Chinese Elm will grow best in full sun on a wide range of well-drained soils, adapting easily to extremes in pH and tolerates urban heat. Some trees suffer in zone 5, especially in 5A. Trees will look their best, though, when grown in moist, well-drained, fertile soil but they adapt to drought and the extremes of urban sites. Very suitable for street tree pits, parking lot islands, and other confined soil spaces.

This tree may take more effort to properly train and prune when young than some other species but it is well worth the effort. It will have a long service life in urban areas with proper training and pruning early on. Seeds occasionally germinate in nearby landscapes. Roots generate sprouts when they are cut. Sometimes trees appear in landscapes because mulch made from Chinese elm roots is used at the site. Elms that are root pruned a few weeks before hand can be dug from a field nursery in summer without any problems provided irrigation is applied regularly after root pruning and digging.

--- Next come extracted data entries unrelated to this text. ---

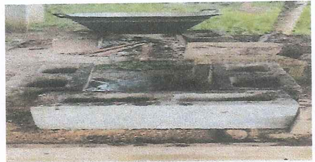
Foto 4: Polleton improvisado en inadecuado y en mal estado a mejorar con block y cemento.
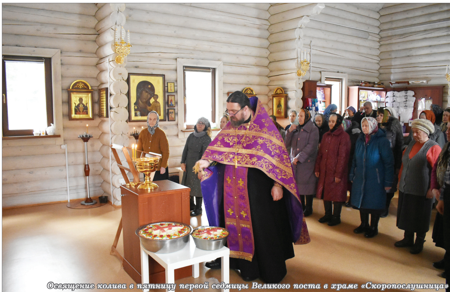
Освящение колива в пятницу первой седмицы Великого поста в храме «Скоропослушница»

Газета православного прихода храма «Скоропослушница» Нововятского района г. Кирова
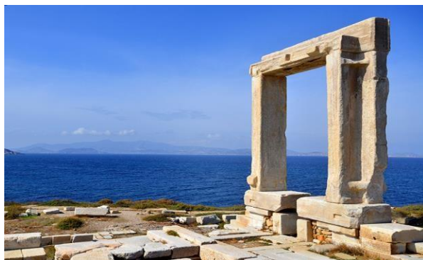
Εικόνα 18: Ναός του Απόλλωνα ( Πορτάρα).

Το Βυζαντινό Μουσείο του νησιού στεγάζεται σε ένα από τα πιο επιβλητικά κτήρια του Κάστρου, ένα πύργο με τέσσερα επίπεδα και απίστευτη θέα προς το λιμάνι. Είναι ο μοναδικός πύργος που σώθηκε από τους δώδεκα που υπήρχαν. Σήμερα το κτήριο, που είναι πλήρως αναστηλωμένο, λειτουργεί σαν βυζαντινό μουσείο των Κυκλάδων και φιλοξενεί μια πολύ αξιόλογη έκθεση βυζαντινής γλυπτικής από τη Νάξο και τις Κυκλάδες της περιόδου από τον 7ο έως τον 12ο αιώνα. Τα οικοίσημα των Μπαρότση και Κρίστι υπενθυμίζουν δύο από τους ιδιοκτήτες του που υπήρξαν αρχικά στο νησί (Ιερή Αρχιεπισκοπή Αθηνών, no date).
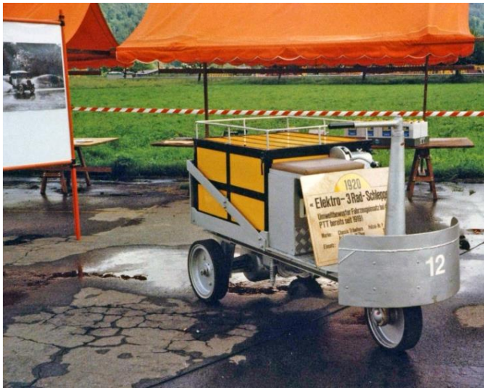
1988 Grand Prix Formule E Emmen
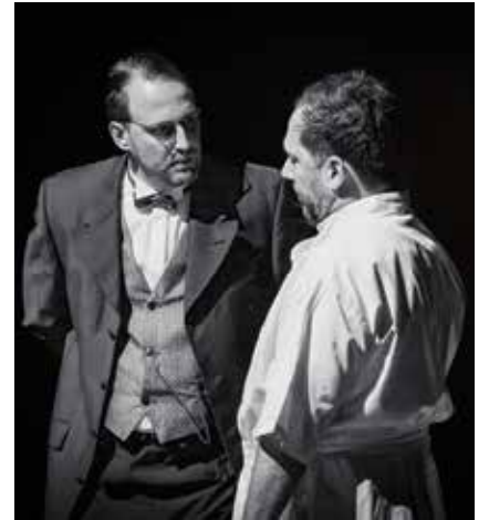
Le collectif Les Mécaniques invisibles revisite l'histoire de l'homme éléphant.

Véritable hymne à l'amour et à l'amitié entre tous les êtres, éloge à la beauté de
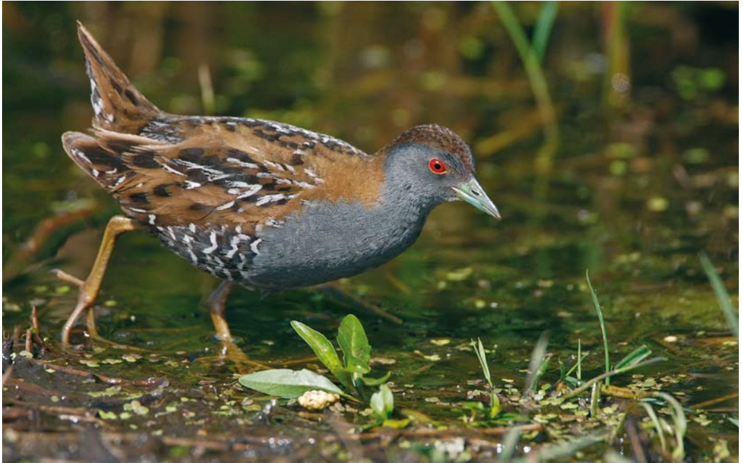
143 Kleinst Waterhoen / Baillon's Crake Porzana pusilla , mannetje, Groene Jonker, Zevenhoven, Zuid-Holland, 13 juni 2009
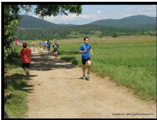
Slika 11: Petelinjski tek, 2015

Mladi tekmovalci v kategorijah predšolske in šolske mladine, se bodo pomerili na krožni progi v vasi Petelinje. Del proge poteka po asfaltu, del pa po kolovozu.
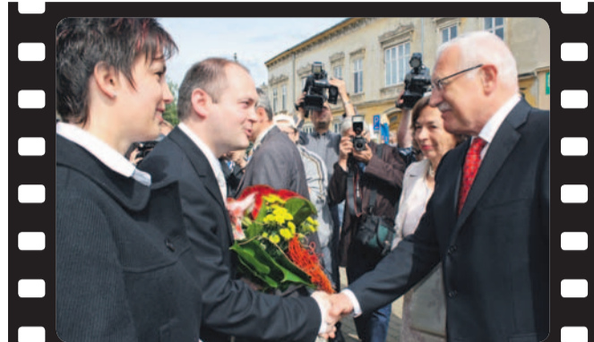
Prezidenta Václava Klause přivítal hejtmán Michal Hašek v Rosicích

První den návštěvy prezidentský pár navštívil Rosice, Masarykův okruh a setkal se představiteli vrcholných institucí justice či rektory univerzit, sídlících v Brně. Dále navštívil Krajský úřad Jihomoravského kraje, brněnskou radnici, Univerzitu obrany či Muzeum romské kultury. Druhý den následovala návštěva Hodonína a zdejších lázní, Moravských naftových dolů a Vesnické památkové rezervace Plíže v Petrově. Specialitou byla plavba po Batově kanále z Petrova do Strážnice, kde si prezident s doprovodem prohlédl Muzeum vesnice jihovýchodní Moravy. Druhý den návštěvy zakončil na zámku v Miloticích. Třetí den prezident zavítal do Jihomoravského inovačního centra v Brně, společnosti TOS Kuřim, navštívil golfový areál Kaskáda a společnost Siemens v Drásově. Návštěvu završila prohlídka cisterciáckého opatství Porta coeli a expozice Muzea Brněnska v Tišnově.
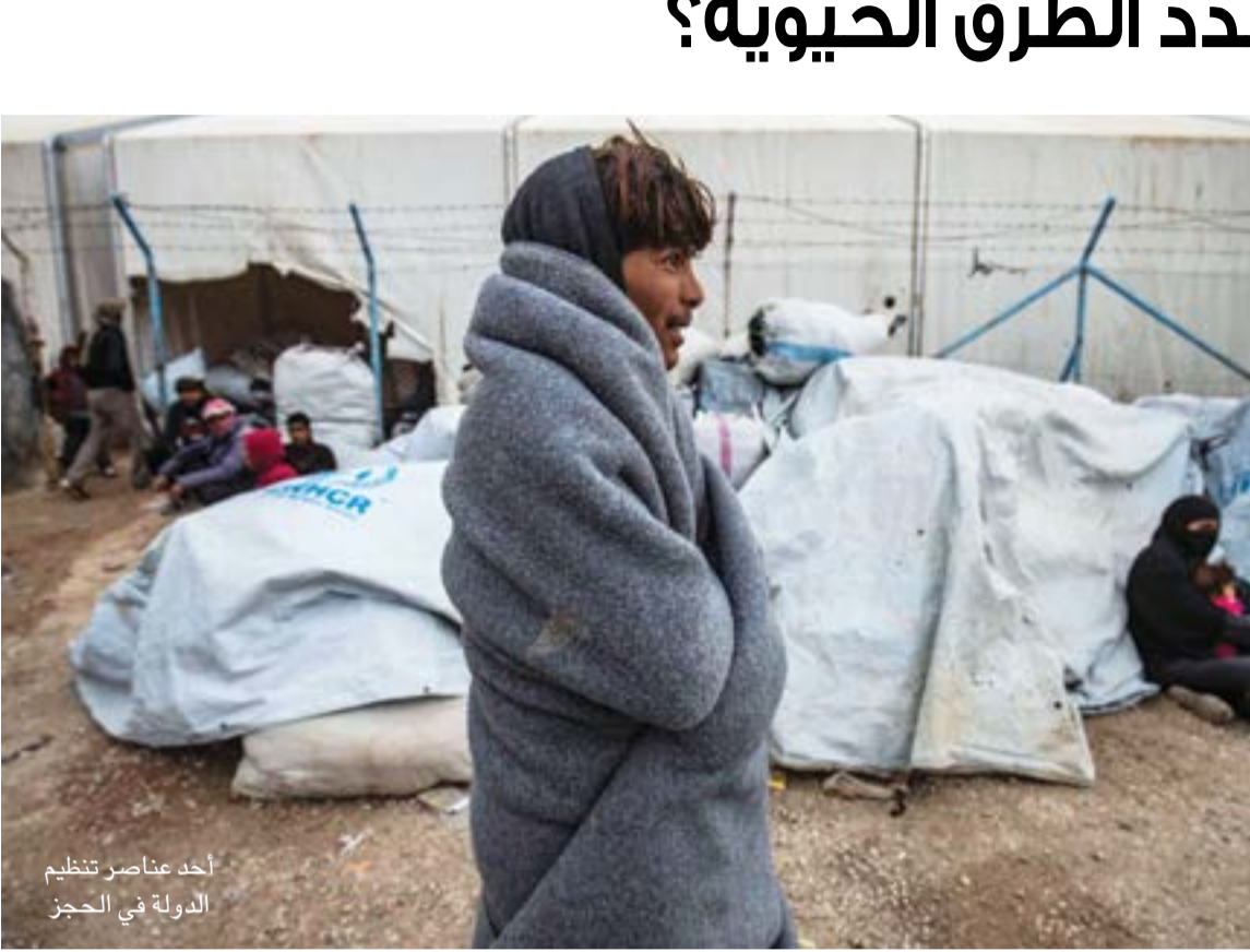
أحد عناصر تنظيم الدولة في الحجز

أهمهم القاطري ووكلائه. والتغيرات تفرض على الروس والإيرانيين وتعزل مناطق سيطرة النظام كما حصل في الأعوام 2013 و2018 لكنهاستجعل كلفة التنقل باهظة جدا. وستجبره على التفكير بأهمية المنطقة الشرية عموما، وأنه سيعود لتهديد طريق سلمية-حناصـر-حلب وهو شريان وصولا إلى منبج والباب.
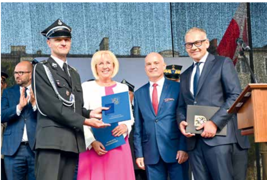
fol. Sartostwo Powiatowe w Wejherowie

Ochotnicza Straż Pożarna w Wejherowie obchodziła jubileusz 150-lecia istnienia. Wydarzenie było okazją do uhonorowania działalności jednostki Medalem „Za Zasługi dla Powiatu Wejherowskiego”, za aktywną, pełną zaangażowania działalność na rzecz społeczności lokalnej.
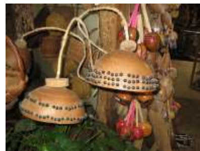
Proceso de decorado con semillas, lámpara. San Antero. Fotógrafo: Omar Darío Martínez G. Artesanías de Colombia. Abril 2006.

En la actualidad, se elaboran con el totumo y calabazo objetos como lámparas, servilleteros, copas, fruteros, entre otros.
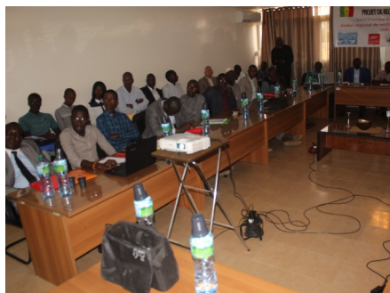
Atelier régional de restitution à l'UGB

Ce moment a permis aussi de soulever des questions importantes pour l'atteinte des objectifs de développement durable (ODD 6.B) dont l'implication de la société civile. Les propositions de dispositifs de représentation d'usagers et de dialogue multi-acteurs ont été largement partagées et discutées pour garantir une transparence dans la délivrance du service public de l'eau milieu rural. Concernant la question des échelles territoriales les plus pertinentes pour la concertation, le niveau communal et régional ont été retenus en raison de l'animation de cadres communaux par les mairies et de l'existence du cadre de concertation régional sur l'eau et l'assainissement (CCREA).
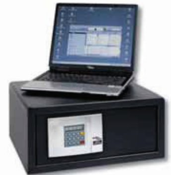
P 3 E Lap
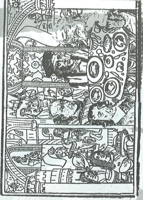
le chateau mystérieux

FERMÉ À DIX HEURES POUR UNE RÉUNION PRIVÉE
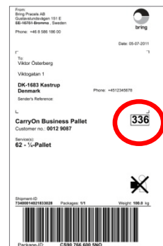
Transportlabel - paller
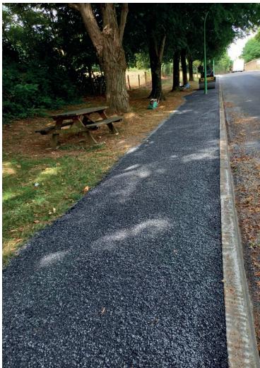
Trottoir du parking du Caoussadou
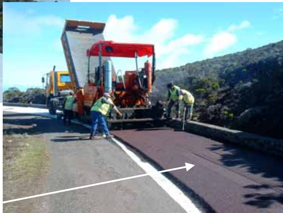
Pose de l'enrobé brun-rouge
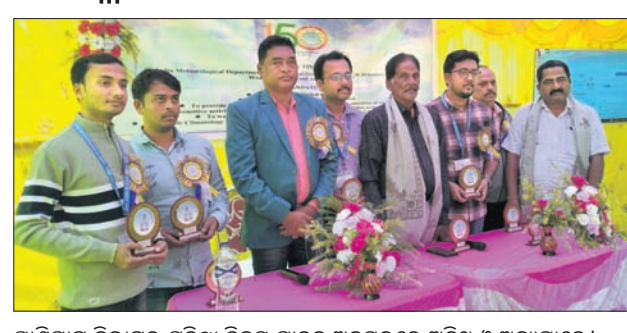
ପାଣିପାଗ ବିଭାଗର ପ୍ରତିଷ୍ଠା ଦିବସ ପାଳନ ଅବସରରେ ଅତିଥି ଓ ଅନ୍ୟମାନେ।
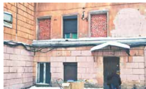
Закрашенные граффити на стене дома

На сегодняшний день несанкционированные надписи и рисунки с фасада здания по Транспортному переулку устранены.

The cultivar ‘Frontier’ has unusual red fall color. ‘Kings Choice’ (brittle) and ‘Dynasty’ are deciduous and hardier than others but lack showy bark. BosqueTM (‘UPMTF’) is fairly easy to train to a leader. Chinese elm is typically rooted on its own roots due to graft incompatibility problems with budding and grafting. Chinese elms reportedly produce highly allergenic pollen.

Elms are among those susceptible to summer branch drop according to surveys in California. Summer branch drop is a phenomena resulting in failure and breakage of large diameter, live branches typically on calm summer days.